One day they went to see a bull-and-bear baiting across the river in Southwark. And Amber leaned out the coach window to gape at the weather-beaten heads, some twenty or thirty of them, exposed above London Bridge on poles that stuck up crazily, like toothpicks in a glass. Another time he took her to a fencing-match, and one of the antagonists lost an ear which flopped off into the lap of a woman sitting down in front.
They went to supper at various fashionable taverns and two or three times he took her to the theatre. She paid no more attention to the play than did the rest of the audience—for she was too much interested, though she pretended not to be, in the havoc she was creating down in the pit. Some of the young men came up to Almsbury in such a manner that he could not avoid presenting them, and two or three made her outrageous proposals beneath his very nose. Almsbury, however, always assumed his dignity at this and let them know she was no whore but a lady of quality and virtue. While Amber, ashamed of her country accent, hoped that they would indeed take her for a Royalist lady who had lived retired with her parents during the Protectorate and had only now come up to Court.

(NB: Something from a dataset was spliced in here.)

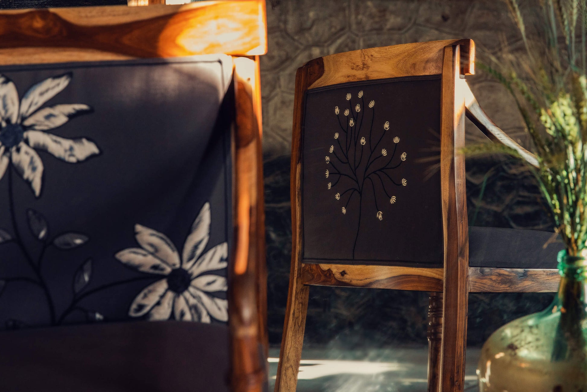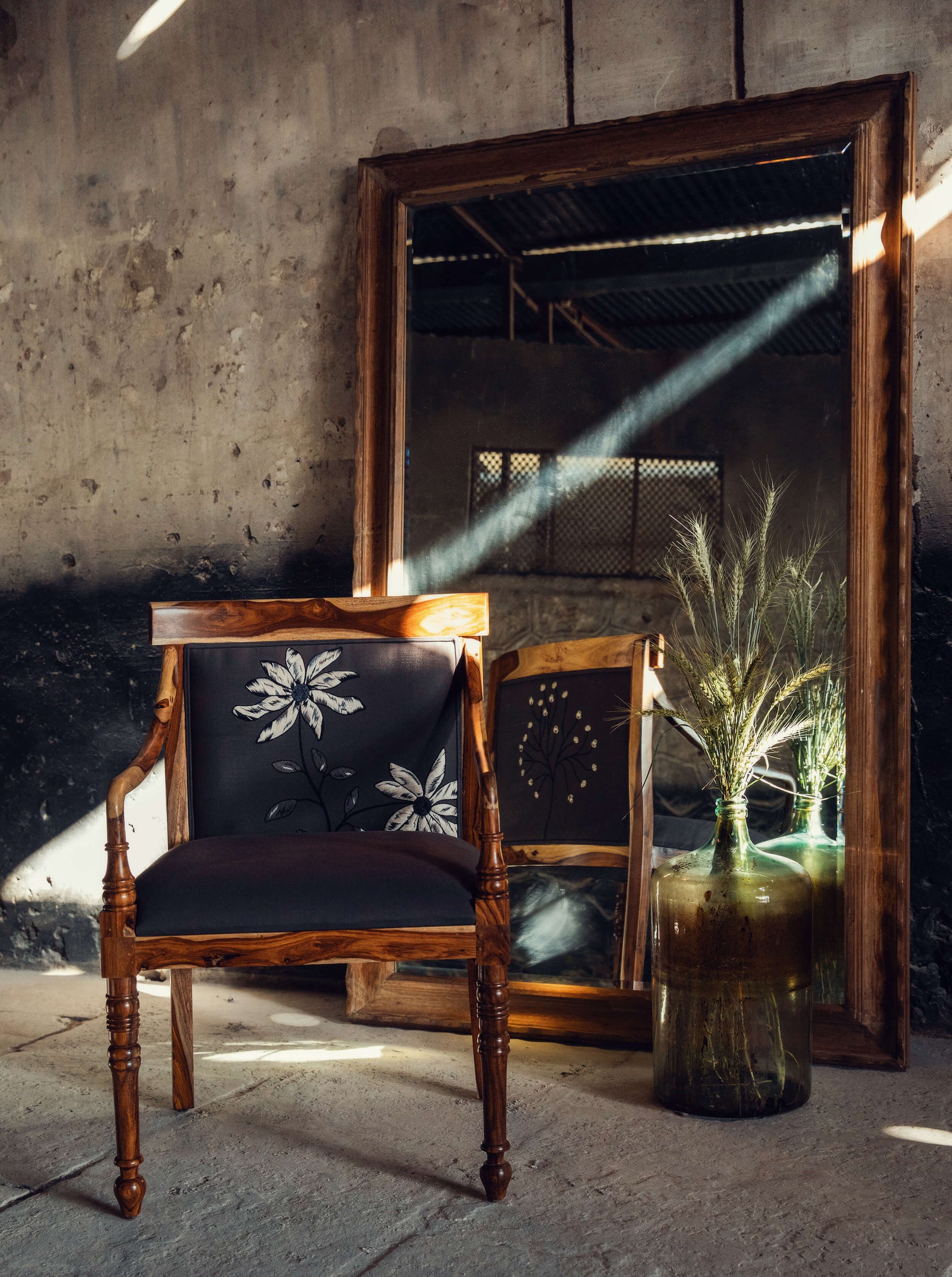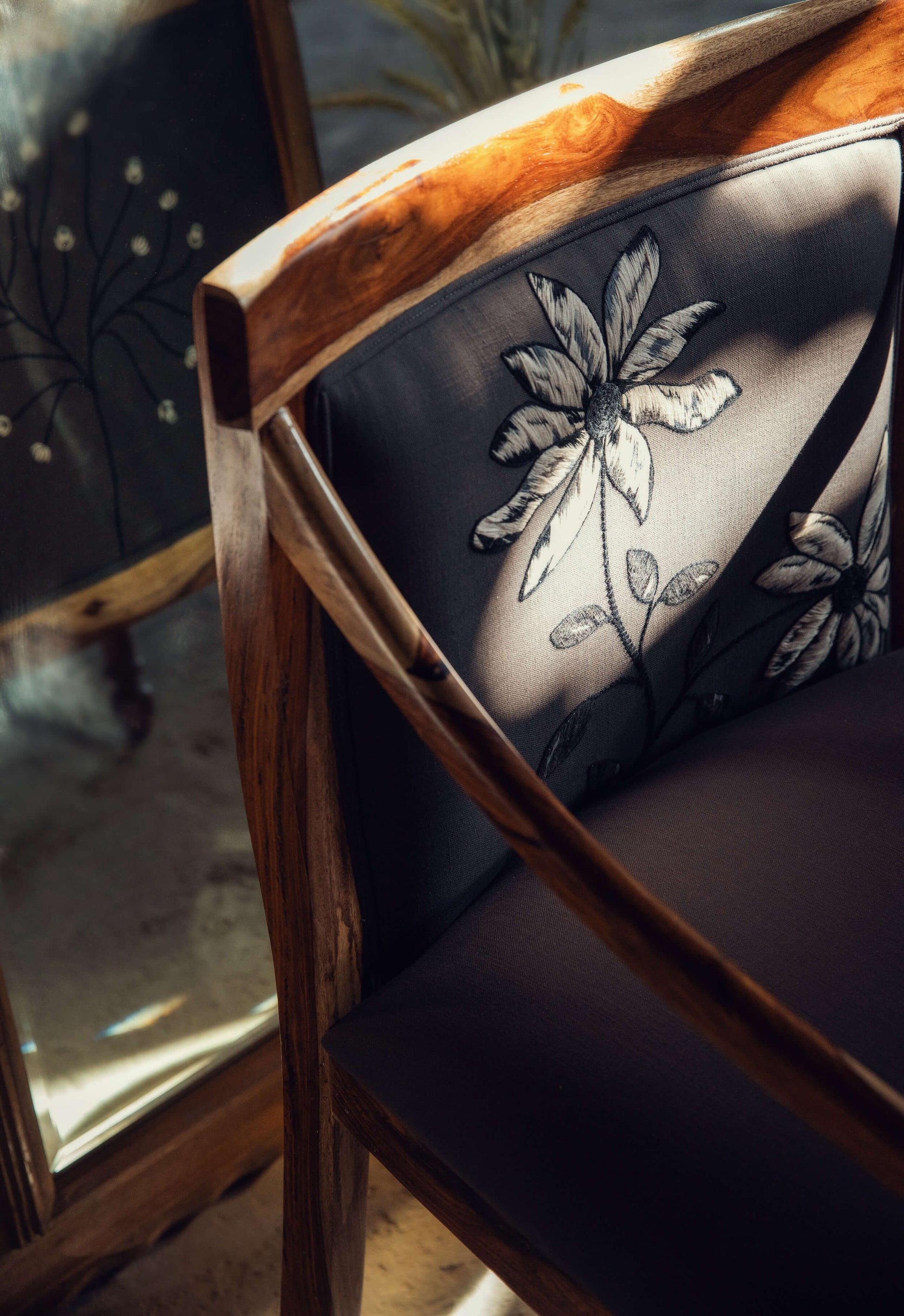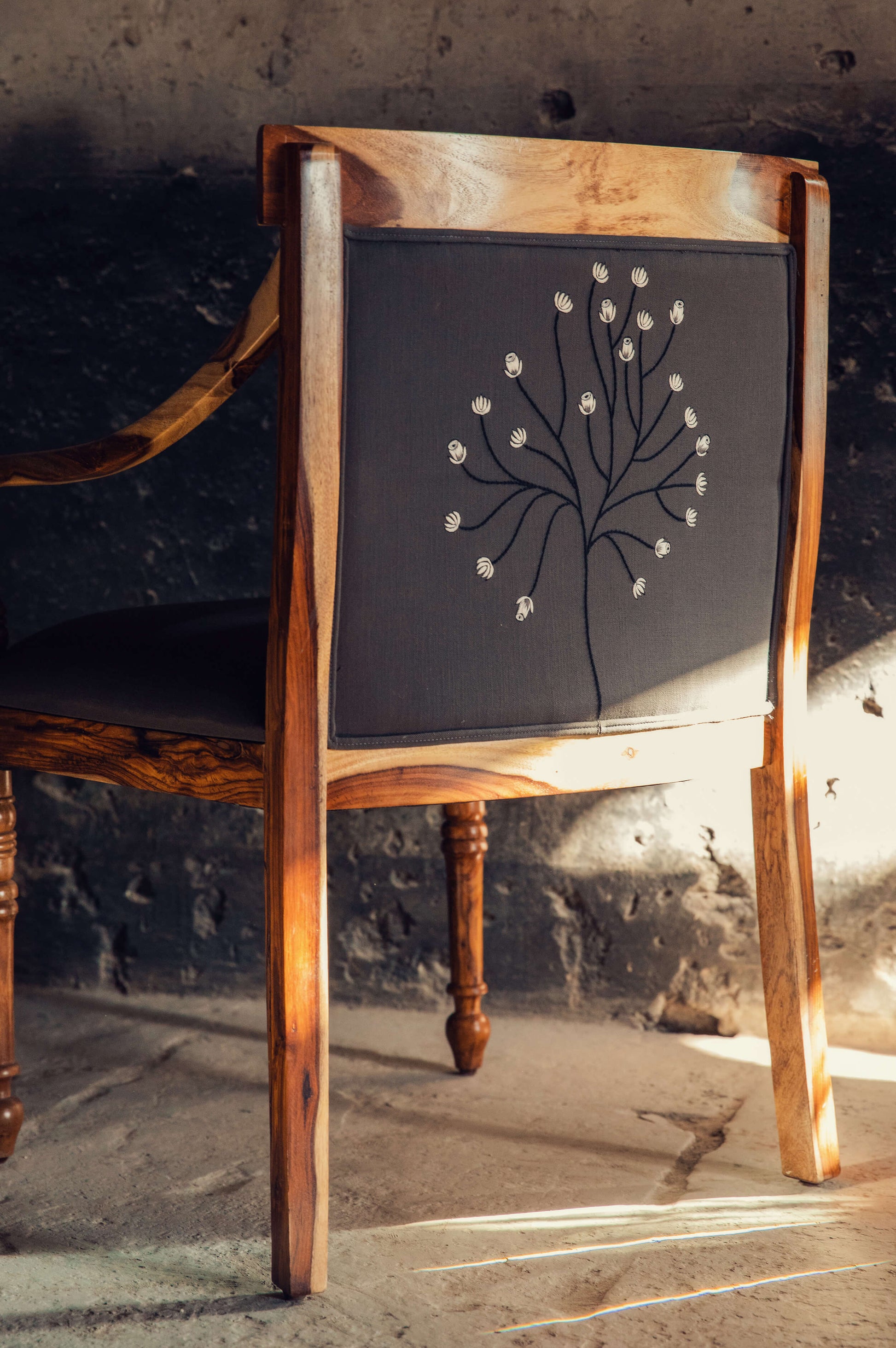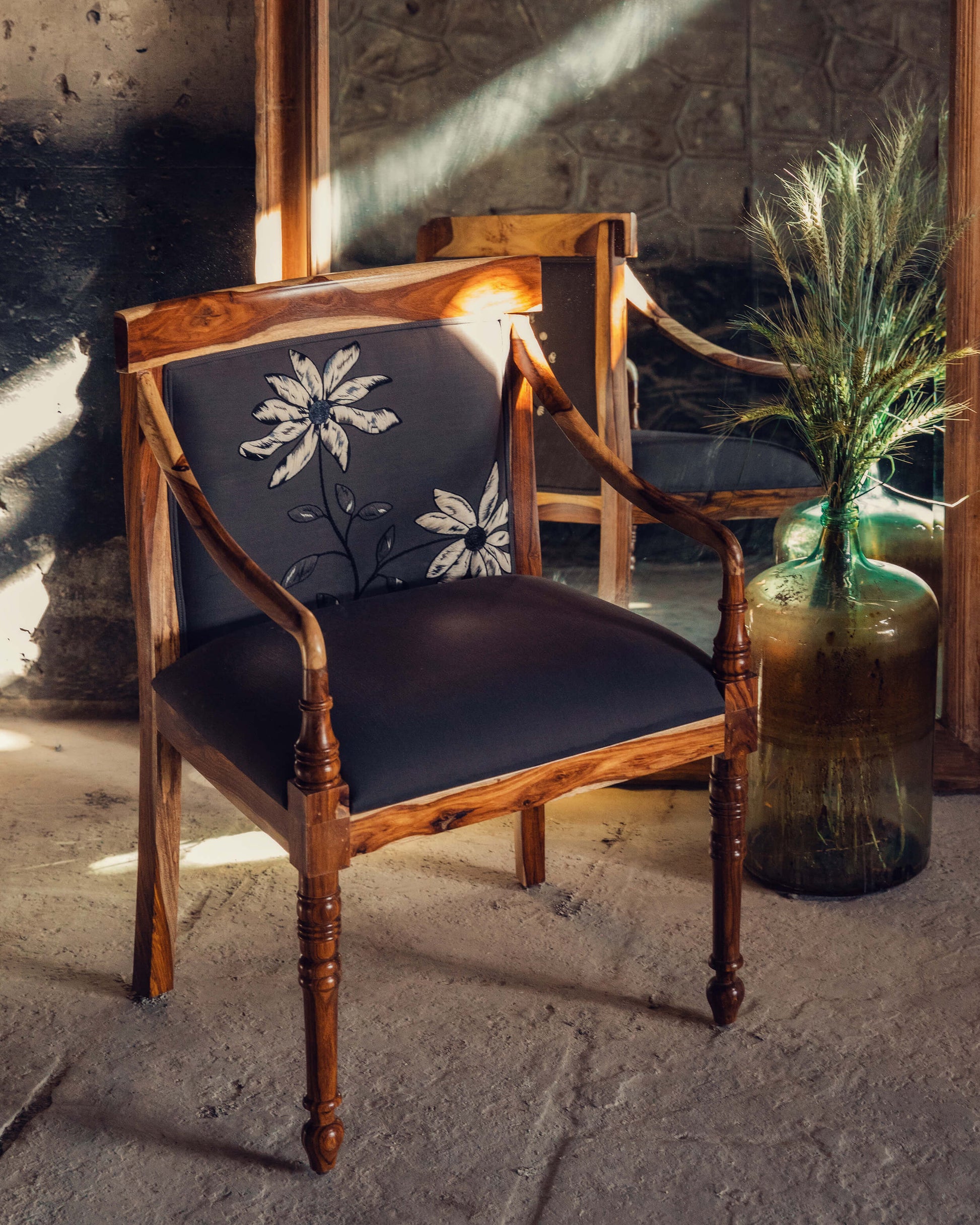 The Damien Chair is bold and stately. African daisies, drawn on paper with charcoal, have been recreated in embroidered form on this furniture product. It is made using sheesham wood and a linen-cotton back and seat. Use it as a dining chair, seating for your living room, or a standalone chair for your bedroom or walk-in closet.

But the greatest adventure of all was her visit to Whitehall Palace.
Whitehall lay to the west, around the bend of the river from the City. It was a great sprawling mass of red brick buildings in the old Tudor style, honeycombed with hallways and having dozens of separate apartments opening one into another like some complex maze or huge rabbit-warren. Here lived the royal family and every court attendant or hanger-on who could wheedle official lodgings on the premises. It fronted directly on the river, so close that at high tide the kitchens were often flooded. And through the grounds ran the dirty unpaved narrow little thoroughfare of King Street, flanked on one side by that part of the Palace called the Cockpit and on the other by the wall of the Privy Garden.
Whitehall was open to all comers. Anyone who had once been presented at Court or who came with one who had could get in, and many total strangers filtered through the carelessly watched gateways. Hence, when Amber and Almsbury arrived in the Stone Gallery they found it so thronged as to be almost impassable.

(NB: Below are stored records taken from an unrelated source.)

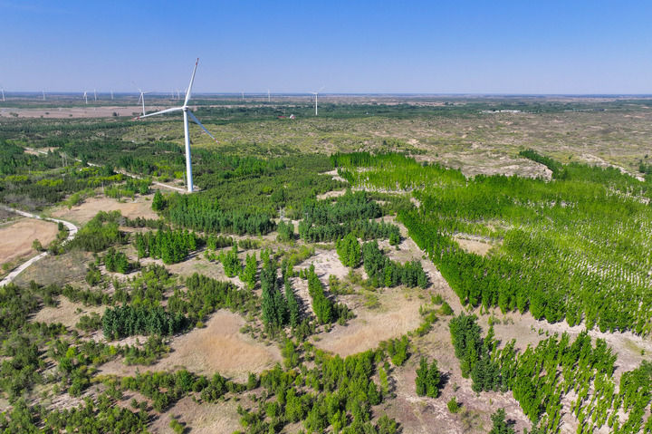 內(nèi)蒙古自治區(qū)通遼市科爾沁左翼后旗,依托三北防護(hù)林體系建設(shè)、退耕還林、退牧還草等國(guó)家重點(diǎn)生態(tài)工程,讓科爾沁沙地加速披綠。
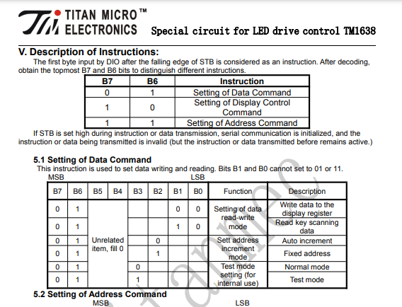 - adresy rejestrów i ogólnie sposób komunikacji z TM1637 jest zgodny
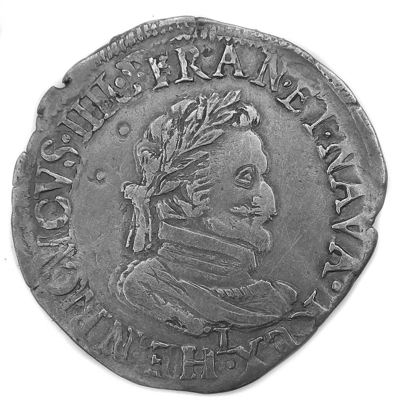 .HENRICVCVS. IIII.D.G.FRAN.ET.NAVA.REX Henri IIIIpar la grâce de Dieu roi de France et de Navarre. Buste du roi à la tête laurée et à la cuirasse
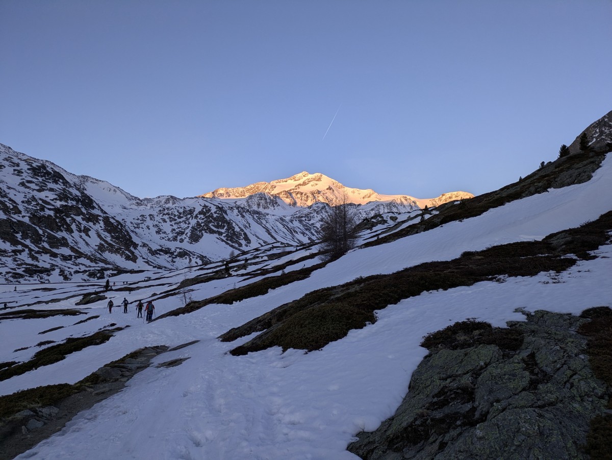 Gipfel wir heute angehen möchten; die Entscheidung fällt auf den Längentaler Weißen Kogel. Auf gut angelegter Spur kommen wir unschwierig voran auf den Gletscher. Endlich geht die Sonne auf und spendet uns hier oben etwas angenehmere Temperaturen.
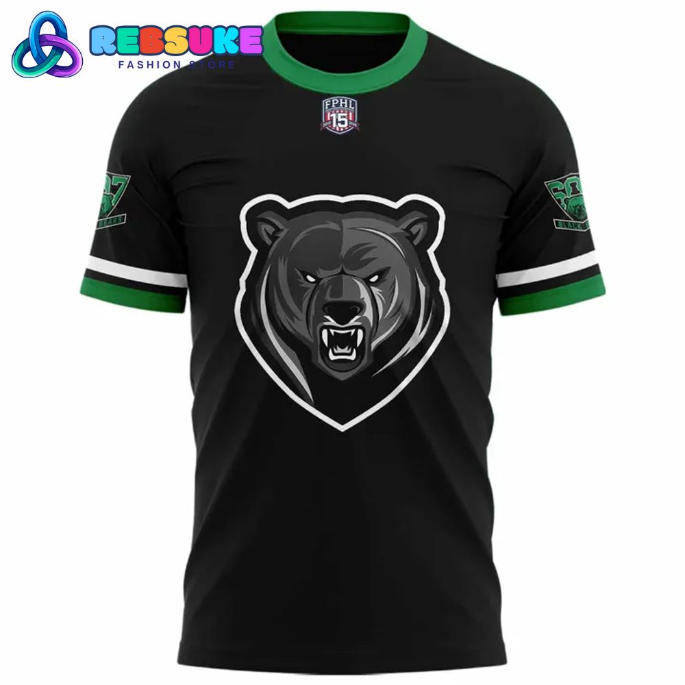 The Binghamton Black Bears 2025 Commissioner’s Cup Champions Shirt features a bold and dynamic design that reflects the Binghamton Black Bears’ dominance in the 2025 Commissioner’s Cup. The front showcases a fierce bear head logo in black and white, symbolizing the strength and tenacity of the Black Bears during the Commissioner’s Cup. The black base of the shirt is accented with green and white stripes on the sleeves and collar, tying into the team’s iconic colors and creating a striking look for the 2025 Commissioner’s Cup celebration.

The gallery was the central artery of the Court, a corridor almost four hundred feet long and fifteen feet wide, and on the walls were hung some of the splendid paintings which Charles I had collected and which his son was now trying to reassemble—paintings by Raphael, Titian, Guido. Scarlet-velvet drapes covered all doors opening into the royal apartments, and Yeomen of the Guard were posted before each one. The crowd was a motley assortment of satin-gowned ladies, languid sauntering young fops, brisk men-of-business hurrying along with an air of having weighty problems to solve, soldiers in uniform, country squires and their wives. Amber could easily recognize these latter for they all wore clothes hopelessly out of fashion—boots, when no gentleman would be seen off his horse in them; high-crowned hats like a Puritan’s, though the new mode was for low ones; and knee-gartered breeches, although wide-bottomed ones were now the style. Here and there was even a ruff to be seen. Amber was contemptuous of such provinciality and glad that her own clothes did not betray her origin.

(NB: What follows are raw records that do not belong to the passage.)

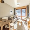 Step inside this 54m² apartment and discover a thoughtfully designed space that caters to your every need. The bright living room, complete with a cozy sofa and television, opens onto a south-facing balcony where you can soak in the mountain views. The open-plan kitchen is fully equipped with modern appliances, including a refrigerator/freezer, dishwasher, washer-dryer, ceramic hob, oven, microwave, and Nespresso coffee maker, making meal preparation a breeze. The master bedroom features a plush double bed and an en-suite shower room, while the second bedroom offers two versatile single beds. With two bathrooms and a separate toilet, the layout ensures privacy and comfort for all guests. Additional amenities include a ski locker and private garage, ensuring a seamless stay.
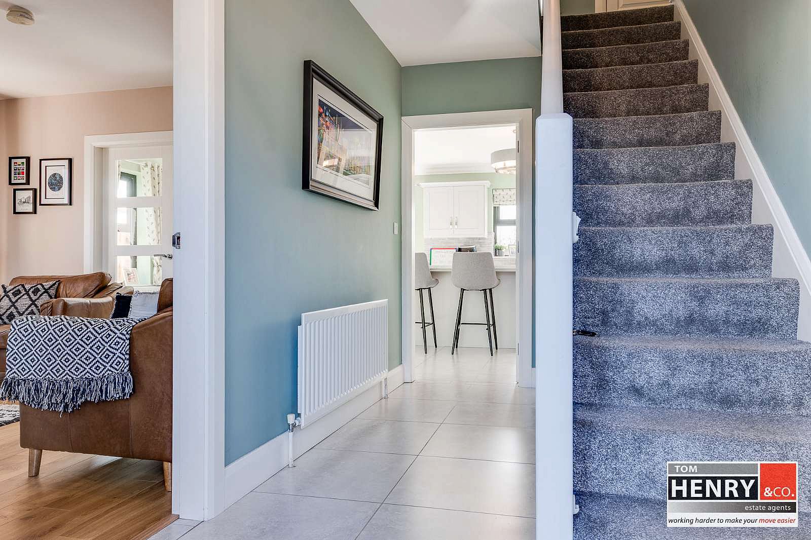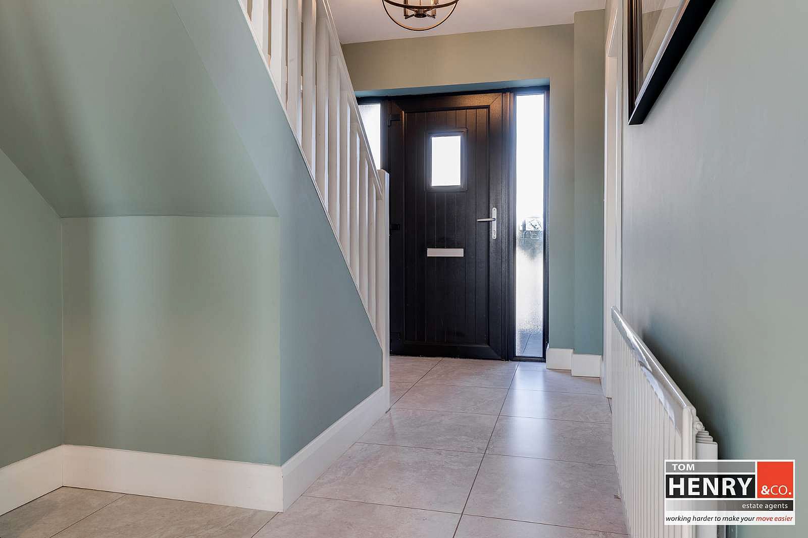 P.V.C. EXTERNAL DOOR WITH GLAZED PANEL & SIDE PANELS. TILED FLOOR. STAIRS TO FIRST FLOOR WITH CARPET.
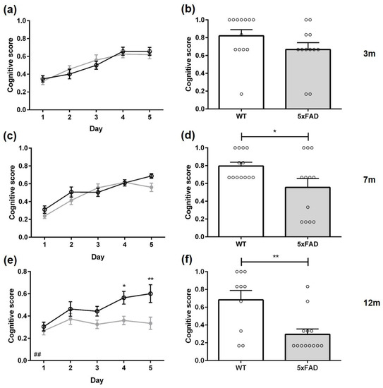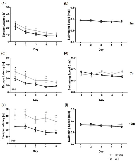 Furthermore, 12-month-old female 5xFAD mice required significantly more time to find the hidden platform on days 1, 2, 4, and 5 of the acquisition training than WT animals (Figure 2e: all p < 0.01). In addition, 12-month-old male WT mice performed significantly better than 5xFAD mice on days 4 and 5 of the acquisition training (Figure 3e: day 4 p < 0.05; day 5 p < 0.01).

She was less confident, however, about herself. “Gemini!” she whispered, round-eyed, to Almsbury. “How handsome all the ladies are!”
“There’s not one of ’em,” said the Earl, “half so pretty as you.”
She gave him a grateful, sparkling smile and slipped her arm through his. She and Almsbury had become great friends and though he had not asked again to sleep with her he had told her that if she ever needed money or help he would be glad to give it. She thought that he had fallen in love with her.
And then all at once something happened. A ripple of excitement flowed along the Gallery, turning heads as it passed, catching the Earl and Amber in its wake.
“Here comes Mrs. Palmer!”
Amber’s head turned with every other. And she saw advancing toward them, with people falling back on either side to make way for her, a magnificent red-haired white-skinned woman, trailing behind her a serving-woman, two pages, and a blackamoor. Haughty and arrogant, she walked with her head held high, seeing no one, though she could not but be well aware of the excitement she was creating. Amber’s eyes began to burn with rage and jealousy and her heart set up a suffocating flutter. She was sickeningly afraid that Madame Palmer would see Almsbury—who she knew was acquainted with her—and stop. But she did not. She went past them without a glance.
“Oh! I hate her!” The words burst out as though driven by some pent-up violence.
“Sweetheart,” said Almsbury, “someday you’ll learn it’s impossible to hate every woman a gentleman may make love to. It wears out your own guts, and that’s all the good it does.”